Monday, June 10, 2013

Summer Reading

I've started out with a bang. In years past, The Bookstore, in downtown Glen Ellyn had this summer reading program. You were to read 10 books between Memorial Day and Labor Day, fill out a form with a bit about the book and turn it in by the weekend after Labor Day. When you did that, you got a free paperback. Never mind that this works out to about a book every other week, if you're a voracious reader, you probably can finish this off by the beginning of August.

Me? Well, it really depended upon what life was like. Some years, I finished 12 books with time to spare. Other years, I barely made it through 4, let alone 10. They had to be age appropriate, too. I couldn't fill my paper with "The Very Hungry Caterpillar", etc, and call it done.

I have gone through a period where my reading has been pretty much confined to magazines and the instruction sheets that go with craft projects. I'm not sure why but I'm drawn to the stack this summer. It could be that's because there is an adaptation of Shakespeare coming to movie theatres this Friday.

"Much Ado About Nothing" is not one of Shakespeare's finest. I hadn't read this play since probably college, so I dug out my Complete Shakespeare and dove in.

This is a frothy tale employing one of Shakespeare's favorite comedic conceits, the masquerade wherein people claim to be whom they are not and the repercussions of this action. The hero and heroine of the story, Claudio and, aptly named, Hero, meet and Claudio falls madly in love with her on sight. She is wooed by Claudio's boss, Don Pedro, and she agrees to marry Claudio. The villain, an illegitimate brother to Claudio's boss decides to break them up and has his henchmen stage a rendevous with Hero's maid at night while Claudio overhears from a nearby orchard. Thinking Hero has just agreed to meet with another man, he publicly humiliates her the next day, at their wedding. Hero faints and several people agree to tell Claudio that she has died, while the local constabulary accidentally arrest the conspirators and elicit a confession. The final act sees all this madness come to resolution and Claudio and Hero happily together about to be married. The whole of this happens under the auspices of a large party to welcome Don Pedro back from an unspecified  successful military campaign.

There are problems with the play. The action takes place over 3 days.
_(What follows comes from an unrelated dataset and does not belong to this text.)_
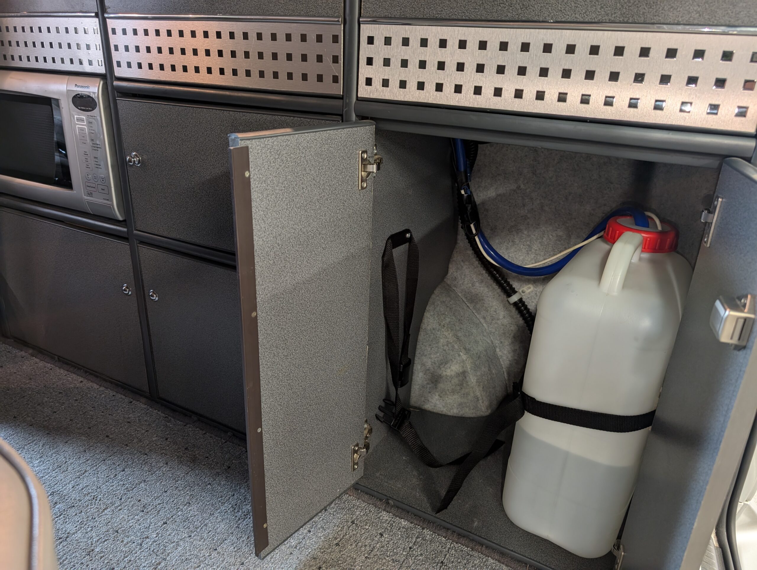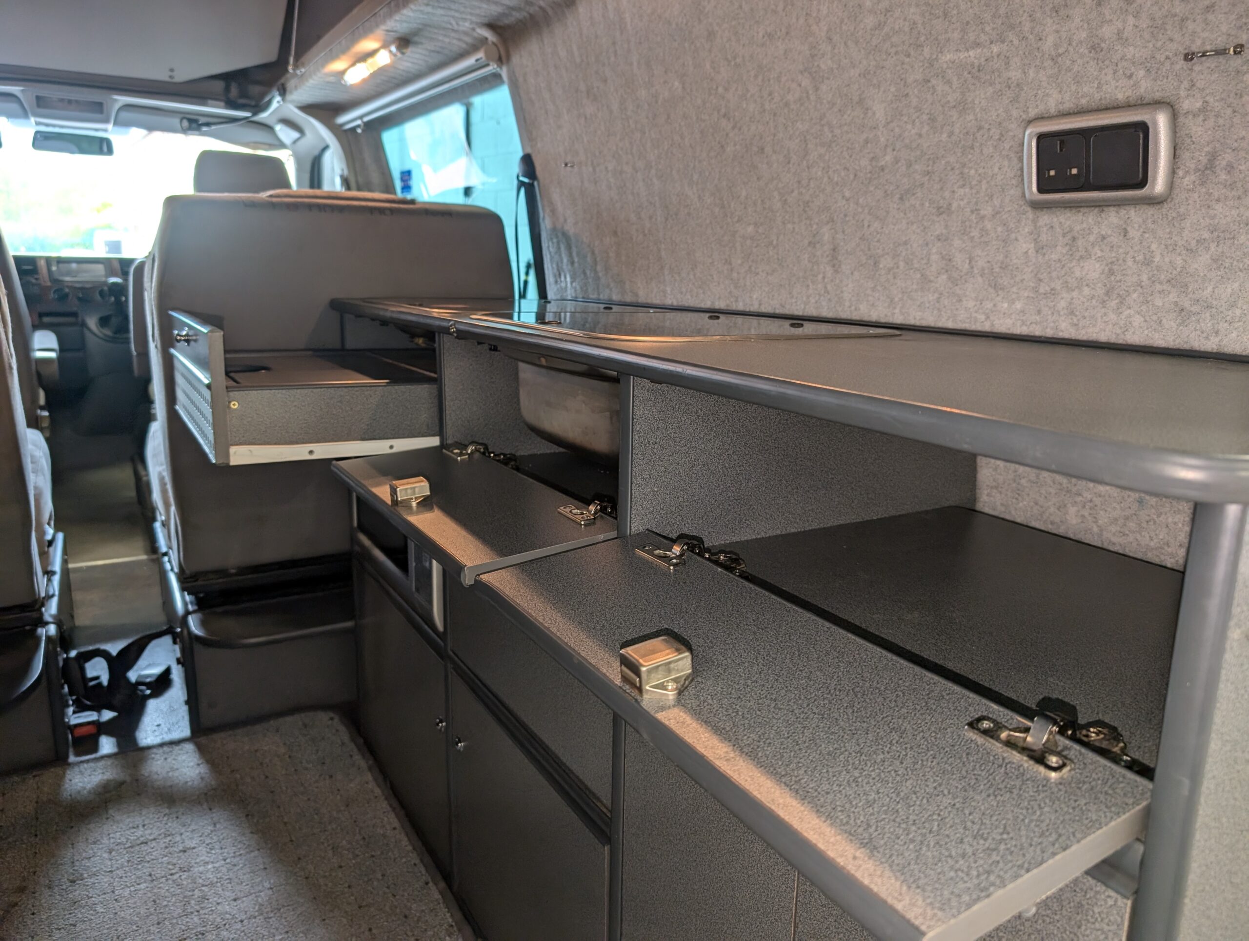 Behind the seats is a full run of units with excellent storage solutions

Truncating the action like that leads to a great need on behalf of the audience to suspend disbelief and agree that things can happen this quickly. Even "Hamlet" is allowed to play out over several months. "As You Like It", which employs a similar 'people not who they say they are' concept, gives the characters some time to get to know one another. The villain, Don John, is given little motive for doing what he does. He's mentioned as being illegitmate, but in stronger plays, that means someone's been cheated out of an inheritance or ostracized from court. This guy seems to want to be mean just because he can. That's never a very deep well of motivation for a villain. Also, he escapes the police, who have his accomplices, and the movie ends with the announcement that he's sent his army to attack his brother.

The best lines in the play are not from the two lovers. The leads in the play are Beatrice and Bernardo and much of the richness of language, the humor and the resolution of the plots many strings comes from their banter. We meet them before we meet Claudio and Hero and, from the early language understand they have had a long relationship marked by verbal swordplay. Their exchanges are some of the best written lines in this play. The fact that they use their verbal sparring to keep each other at bay when it's clear they love each other is quite amusing. When they come together at the end, accepting that love, it is, I think, a much bigger thrill than Hero being revealed as alive and Claudio finding out he was duped.

The title of the play references all the little twists and turns contained in it. When it comes to love, the bumps and pot holes to get from meeting to marriage are not important, much ado about nothing. True love finds a way. We might have to help it along, but even left to its own devices, it will find a way.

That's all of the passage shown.